🤖 AI Summary
This work addresses the challenge of temporally localizing deepfake manipulations in videos under weak supervision, where only video-level labels are available and forgeries exhibit localized and intermittent characteristics. The authors propose RT-DeepLoc, a novel framework that leverages reconstruction error as a weakly supervised signal for temporal forgery localization. Specifically, a Masked Autoencoder trained exclusively on authentic videos is employed to detect anomalies through elevated reconstruction errors induced by manipulated segments. To further enhance discriminability without frame-level annotations, the method introduces an asymmetric intra-video contrastive loss that promotes compactness of genuine features, thereby establishing a robust decision boundary. Experiments demonstrate that RT-DeepLoc achieves state-of-the-art performance in weakly supervised temporal deepfake localization on large-scale benchmarks such as LAV-DF and exhibits strong generalization to unseen forgery types.
📝 Abstract
Modern deepfakes have evolved into localized and intermittent manipulations that require fine-grained temporal localization. The prohibitive cost of frame-level annotation makes weakly supervised methods a practical necessity, which rely only on video-level labels. To this end, we propose Reconstruction-based Temporal Deepfake Localization (RT-DeepLoc), a weakly supervised temporal forgery localization framework that identifies forgeries via reconstruction errors. Our framework uses a Masked Autoencoder (MAE) trained exclusively on authentic data to learn its intrinsic spatiotemporal patterns; this allows the model to produce significant reconstruction discrepancies for forged segments, effectively providing the missing fine-grained cues for localization.
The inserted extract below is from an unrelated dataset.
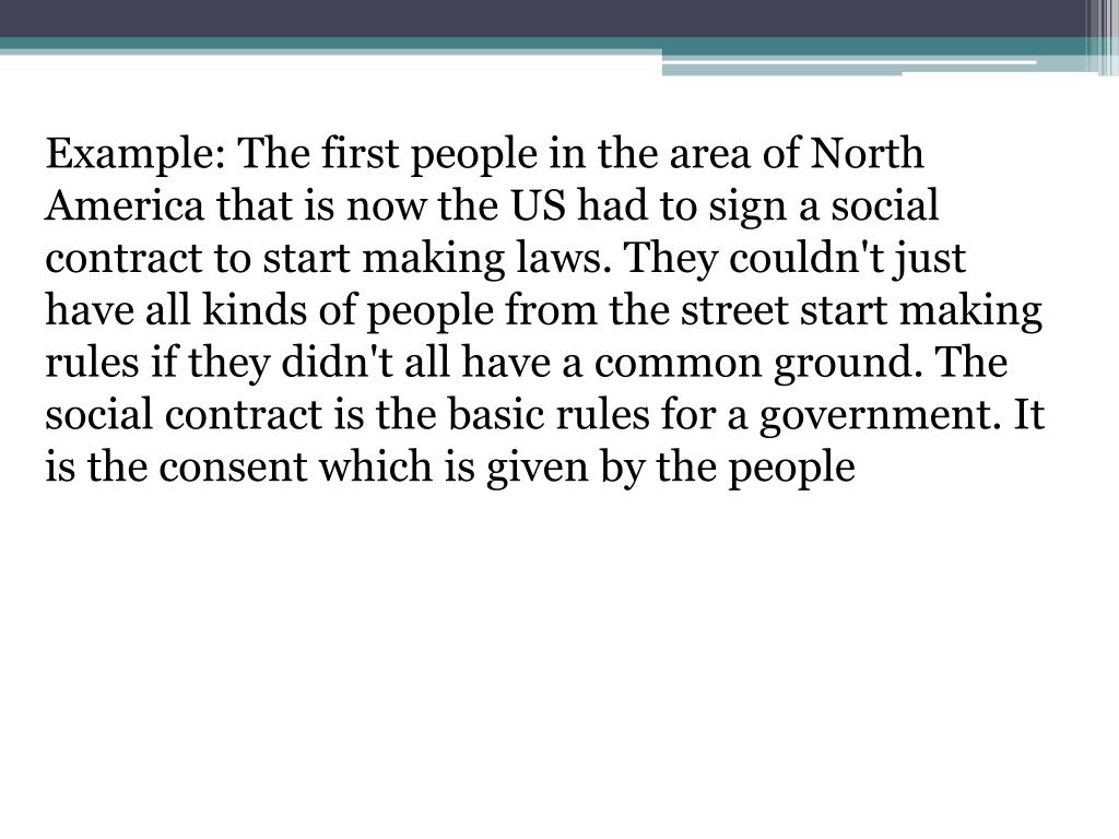 Example: The first people in the area of North America that is now the US had to sign a social contract to start making laws. They couldn't just have all kinds of people from the street start making rules if they didn't all have a common ground. The social contract is the basic rules for a government. It is the consent which is given by the people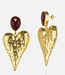 Conçues pour les femmes qui embrassent la mode de luxe avec un cœur conscient, ces grandes boucles d'oreilles sculpturales en or en forme de cœur sont une célébration de la passion et de l'individualité. Ces boucles d'oreilles sculpturales en forme de cœur en or sont une célébration de la passion et de l'individualité. Elles sont ornées d'un rubis semi-précieux riche et facetté et d'un cœur en or martelé.

To robustly leverage these indicators, we introduce a novel Asymmetric Intra-video Contrastive Loss (AICL). By focusing on the compactness of authentic features guided by these reconstruction cues, AICL establishes a stable decision boundary that enhances local discrimination while preserving generalization to unseen forgeries. Extensive experiments on large-scale datasets, including LAV-DF, demonstrate that RT-DeepLoc achieves state-of-the-art performance in weakly-supervised temporal forgery localization.